The site was hosted by Northstar (a US based IT company that was run by a Lego fan. It provided the physical computer hardware that the Brickset.com website runs on). Northstar was sold to OnRamp Indiana (ORI is a slightly bigger IT company, which is also an Internet Service Provider). It remained on the same hardware and has been running perfectly well, until Monday last week.
Then I started seeing loads of network related errors from the front-end (the webserver) which couldn't connect to the back-end database. (The back-end database holds the records of all the sets and the data associated with them, i.e. what is in your collection, my collection, and every other user etc, along with a lot of other data that it provides to the webserver front-end to create webpages when you request them.)
ORI said the Northstar network infrastructure was to blame and that the solution was to move it to their servers/network. That started on Thursday. It should have been a straightforward job but it took 3 days, until yesterday when they finally got it up and running. However it's now using a SQL Express back end instead of SQL2008, on the same server as the front-end, which is not ideal, because they claimed that it was overloading their SQL server. It was still incredibly slow as the CPU was constantly 100%. It *could* be because of a DoS attack overloading things, I'm personally not convinced and I will investigate further today. (Translation: ORI have bodged a quick and dirty solution with everything (front-end webserver software and back-end database) all on one server - not the industry standard way to do it and not very scalable when you have lots of users - it is better for a number of reasons to have the front-end web server deal just with webpage serving and a separate back-end database server deal with the the data itself.)
As it stands now, I've taken the old site offline and run up the new one (at new.brickset.com) and the CPU is averaging 25% with c.250 users so it appears to be holding up. (It could be worse considering the above comment!)

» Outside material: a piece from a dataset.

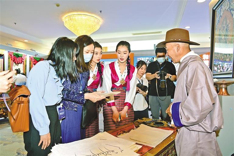 圖為在“2023·中國(guó)西藏發(fā)展論壇”上,西藏書(shū)法家向嘉賓介紹藏文書(shū)法。記者 旦增西旦 攝

*If* it is a DoS then the pages the attacker is requesting on the old site won't be served which will prevent the database and server being overloaded. I'l leave in that state today to see what happens. Do let me know how it is for you. (DoS is short for 'Denial of Service' attack, which in simple terms is when someone tries to crash or degrade a websites performance by repeatedly requesting the same page many times a second. When people say DoS they usually mean DDoS, which is a Distributed DoS attack where the attacker uses 10s, 100s or 1000s of PCs, rather than just the one, to make those malicious page requests. Large Internet providers and Web Hosting companies have specialised systems to mitigate these types of attacks.)
I am thinking of moving to a managed and monitored hosting solution with guaranteed uptime and SLAs, from a UK based company. (The US/UK time difference has proved frustrating). It will be far more expensive but obviously need to do something given the site is my livelihood now. (Given this is a 'business critical' site to Huw now, I'd agree it needs to be hosted by a serious player with the ability to deliver any uptime they promise and if something goes wrong have the spare capacity and expertise to fix the problem sharpish. Anyone with 'real' 24x7 support would be an improvement by the sound of it. Personally I'd look for someone that has a reputation for exceptional customer support be they in the US or the UK.